Indem ich meinen digitalen Start in den Tag verzögerte, stellte ich fest, dass ich aufmerksamer war. Und völlig unter Kontrolle – was ich zuerst getan habe, was ich gesehen habe und wie ich reagiert habe. Ich hatte die Kontrolle über meine Denkweise übernommen und wie ich mich dem Tag nähern würde. Ich hörte auf zuzulassen, dass meine Stimmung von dem bestimmt wurde, was zuerst auf meinem Handy auftauchte.

Die Lektion, die ich gelernt habe, war einfach, aber kraftvoll

Es gibt drei wichtige Maßnahmen, mit denen ich die Beziehung zu meinem Telefon und zu meiner digitalen Technologie besser einschätzen kann.

Meine Realität ist, dass ich mein Smartphone nicht einfach wegwerfen möchte. Das macht mein Leben einfacher und ich kann mehr Zeit damit verbringen, Dinge zu tun, die wichtig sind. Aber nur, wenn ich mein Verhältnis dazu in einer Weise ausbalanciere, die zu mir und meinem Lebensstil passt.

Obwohl ich nicht immer in der Lage bin, alle Aufgaben zu erledigen, sind dies immer noch meine Ziele. Diese Strategie hat nicht nur meinen Schlaf verbessert, sondern auch meine Stimmung und Denkweise verbessert.

Meine drei wichtigsten Tipps für ein achtsameres Verhältnis zu Ihrem Telefon

Trennen Sie Ihr Telefon nachts vom Internet, indem Sie den Flugmodus verwenden oder WLAN und Daten ausschalten.

Halten Sie Ihr Telefon mindestens eine Stunde am Morgen vom Internet getrennt.

Trennen Sie die Verbindung regelmäßig während des Tages, wenn Sie anwesend sein und achtsam an einer Aktivität teilnehmen möchten.

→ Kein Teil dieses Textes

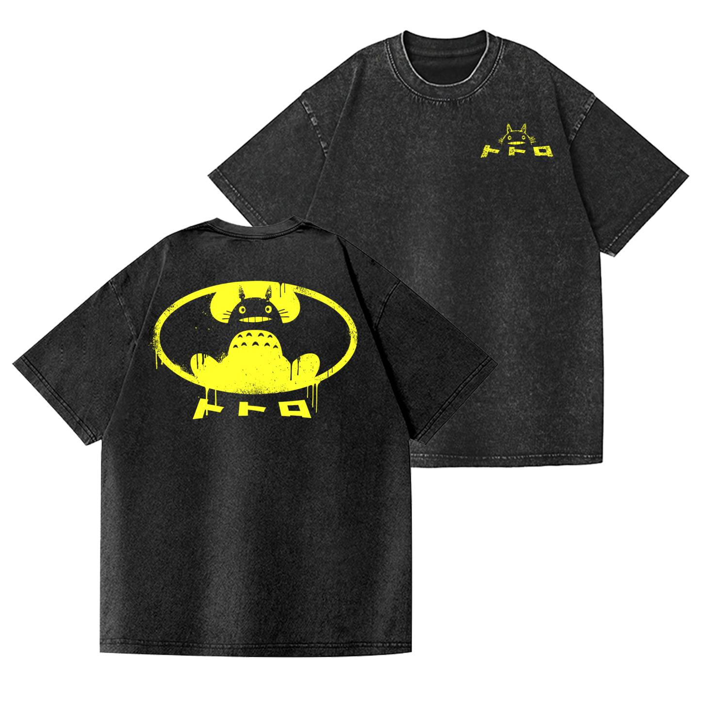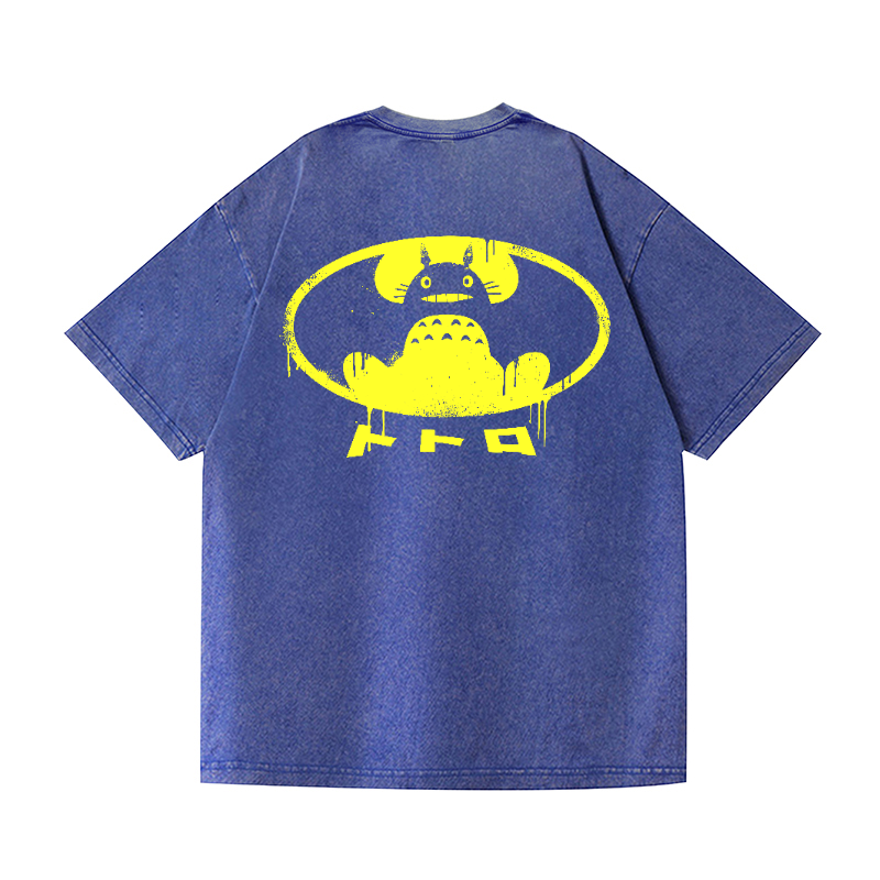 Ghibli Totoro Batman Vintage Wash Japanese Design Back Art T-Shirt
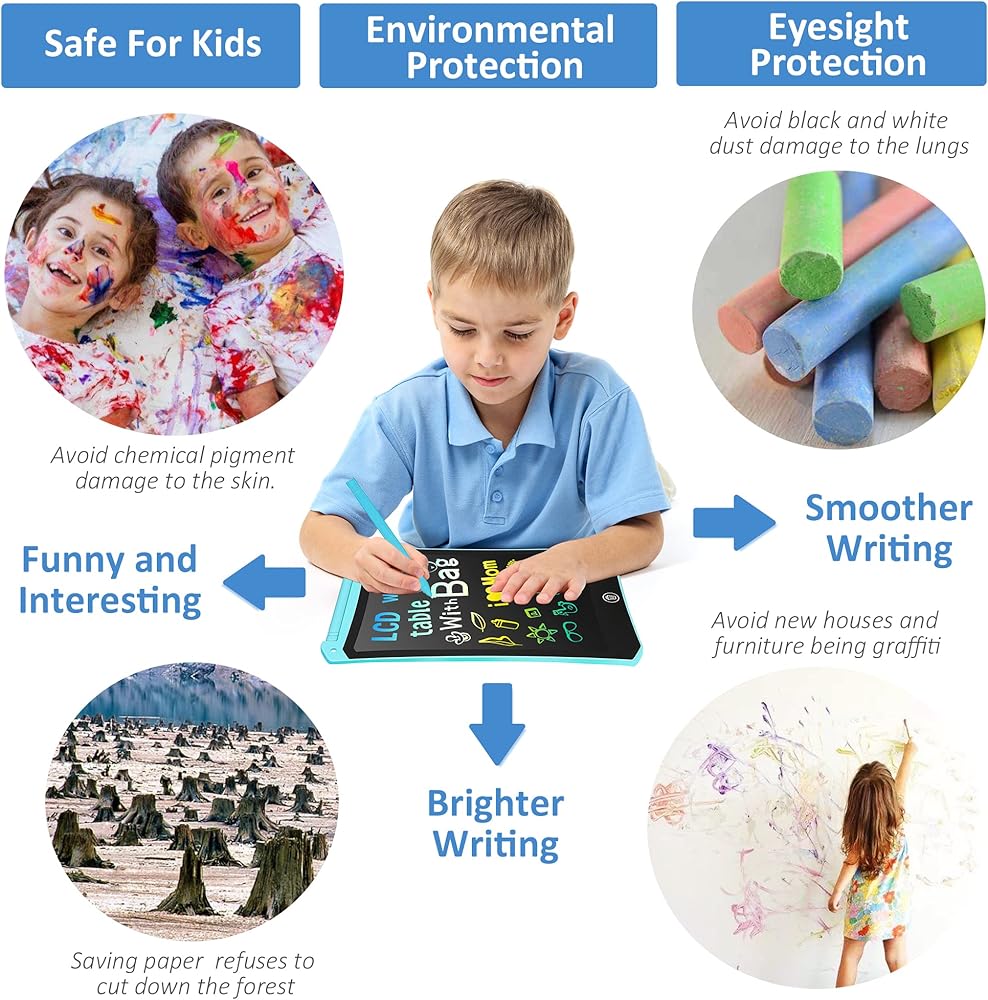Environmentally friendly, durable and light: This LCD writing tablet with a one-key clear button can be erased and rewrite over 100,000 times. A graffiti board can be saved in the environment and can also help you save a lot of money. The writing board is designed with LCD + ABS material to be safe, non-toxic and anti-drop. Ultra-light shell (3.95 oz), easy to carry.

Das Wichtigste, was ich gelernt habe, ist, mich weniger um die Tools und Regeln zu kümmern, sondern mehr darum, was für mich funktioniert. Die besten Änderungen sind die, an die Sie sich halten können, da sie die einzigen sind, die zu Gewohnheiten werden. Sobald etwas zur Gewohnheit wird, sind nicht mehr viele Gedanken erforderlich, um es weiter zu tun. Es gibt viele verschiedene Wege, um das gleiche Ergebnis zu erzielen. Finde deine und folge ihr.


Michaellund

Ich will euch mein Wissen über ein glückliches und erfülltes Leben vermitteln. Dieses sammelte ich über Jahre bei meiner Arbeit als Life-Coach und den vielen Begegnungen mit interessanten Menschen.